EXERCISE INSTRUCTIONS:
Please give the data below again in full, exactly as it stands.

(Dataset excerpts)

>>>

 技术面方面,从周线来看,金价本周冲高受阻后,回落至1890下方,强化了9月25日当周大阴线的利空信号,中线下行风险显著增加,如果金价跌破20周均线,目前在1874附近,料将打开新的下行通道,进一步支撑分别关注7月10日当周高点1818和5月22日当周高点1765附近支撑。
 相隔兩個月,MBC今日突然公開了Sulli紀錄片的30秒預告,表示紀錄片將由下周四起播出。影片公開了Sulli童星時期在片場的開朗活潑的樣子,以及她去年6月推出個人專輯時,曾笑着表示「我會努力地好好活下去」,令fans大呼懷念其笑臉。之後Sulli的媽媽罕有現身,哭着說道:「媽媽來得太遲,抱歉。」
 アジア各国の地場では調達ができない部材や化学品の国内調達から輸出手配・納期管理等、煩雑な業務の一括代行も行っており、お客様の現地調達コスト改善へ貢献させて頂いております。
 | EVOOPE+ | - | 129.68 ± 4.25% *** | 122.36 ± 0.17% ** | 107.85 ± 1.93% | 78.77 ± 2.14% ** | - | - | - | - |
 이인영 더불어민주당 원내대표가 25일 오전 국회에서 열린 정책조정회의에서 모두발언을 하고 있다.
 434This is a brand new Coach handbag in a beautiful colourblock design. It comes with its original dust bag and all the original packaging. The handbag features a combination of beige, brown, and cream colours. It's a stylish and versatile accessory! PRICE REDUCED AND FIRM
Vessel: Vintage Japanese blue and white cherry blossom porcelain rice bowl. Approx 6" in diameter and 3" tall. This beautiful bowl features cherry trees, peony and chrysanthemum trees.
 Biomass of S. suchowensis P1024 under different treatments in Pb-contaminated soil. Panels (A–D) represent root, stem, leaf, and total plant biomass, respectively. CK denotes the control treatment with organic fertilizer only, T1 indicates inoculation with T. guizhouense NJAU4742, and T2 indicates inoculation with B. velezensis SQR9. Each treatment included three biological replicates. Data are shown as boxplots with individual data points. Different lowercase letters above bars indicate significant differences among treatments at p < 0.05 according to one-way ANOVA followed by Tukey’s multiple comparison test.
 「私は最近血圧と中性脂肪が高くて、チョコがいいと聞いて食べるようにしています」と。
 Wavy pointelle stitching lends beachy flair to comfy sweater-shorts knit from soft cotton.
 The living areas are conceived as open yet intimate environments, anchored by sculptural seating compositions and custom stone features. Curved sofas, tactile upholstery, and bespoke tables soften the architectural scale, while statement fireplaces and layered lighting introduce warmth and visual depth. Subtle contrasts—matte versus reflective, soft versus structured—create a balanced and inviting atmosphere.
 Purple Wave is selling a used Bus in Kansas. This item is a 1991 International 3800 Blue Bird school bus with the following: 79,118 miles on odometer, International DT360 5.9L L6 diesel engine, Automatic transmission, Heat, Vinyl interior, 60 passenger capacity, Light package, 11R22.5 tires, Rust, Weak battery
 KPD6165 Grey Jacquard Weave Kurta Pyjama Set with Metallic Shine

<<<

SOLUTION TO THE PROBLEM:
 技术面方面,从周线来看,金价本周冲高受阻后,回落至1890下方,强化了9月25日当周大阴线的利空信号,中线下行风险显著增加,如果金价跌破20周均线,目前在1874附近,料将打开新的下行通道,进一步支撑分别关注7月10日当周高点1818和5月22日当周高点1765附近支撑。
 相隔兩個月,MBC今日突然公開了Sulli紀錄片的30秒預告,表示紀錄片將由下周四起播出。影片公開了Sulli童星時期在片場的開朗活潑的樣子,以及她去年6月推出個人專輯時,曾笑着表示「我會努力地好好活下去」,令fans大呼懷念其笑臉。之後Sulli的媽媽罕有現身,哭着說道:「媽媽來得太遲,抱歉。」
 アジア各国の地場では調達ができない部材や化学品の国内調達から輸出手配・納期管理等、煩雑な業務の一括代行も行っており、お客様の現地調達コスト改善へ貢献させて頂いております。
 | EVOOPE+ | - | 129.68 ± 4.25% *** | 122.36 ± 0.17% ** | 107.85 ± 1.93% | 78.77 ± 2.14% ** | - | - | - | - |
 이인영 더불어민주당 원내대표가 25일 오전 국회에서 열린 정책조정회의에서 모두발언을 하고 있다.
 434This is a brand new Coach handbag in a beautiful colourblock design. It comes with its original dust bag and all the original packaging. The handbag features a combination of beige, brown, and cream colours. It's a stylish and versatile accessory! PRICE REDUCED AND FIRM
Vessel: Vintage Japanese blue and white cherry blossom porcelain rice bowl. Approx 6" in diameter and 3" tall. This beautiful bowl features cherry trees, peony and chrysanthemum trees.
 Biomass of S. suchowensis P1024 under different treatments in Pb-contaminated soil. Panels (A–D) represent root, stem, leaf, and total plant biomass, respectively. CK denotes the control treatment with organic fertilizer only, T1 indicates inoculation with T. guizhouense NJAU4742, and T2 indicates inoculation with B. velezensis SQR9. Each treatment included three biological replicates. Data are shown as boxplots with individual data points. Different lowercase letters above bars indicate significant differences among treatments at p < 0.05 according to one-way ANOVA followed by Tukey’s multiple comparison test.
 「私は最近血圧と中性脂肪が高くて、チョコがいいと聞いて食べるようにしています」と。
 Wavy pointelle stitching lends beachy flair to comfy sweater-shorts knit from soft cotton.
 The living areas are conceived as open yet intimate environments, anchored by sculptural seating compositions and custom stone features. Curved sofas, tactile upholstery, and bespoke tables soften the architectural scale, while statement fireplaces and layered lighting introduce warmth and visual depth. Subtle contrasts—matte versus reflective, soft versus structured—create a balanced and inviting atmosphere.
 Purple Wave is selling a used Bus in Kansas. This item is a 1991 International 3800 Blue Bird school bus with the following: 79,118 miles on odometer, International DT360 5.9L L6 diesel engine, Automatic transmission, Heat, Vinyl interior, 60 passenger capacity, Light package, 11R22.5 tires, Rust, Weak battery
 KPD6165 Grey Jacquard Weave Kurta Pyjama Set with Metallic Shine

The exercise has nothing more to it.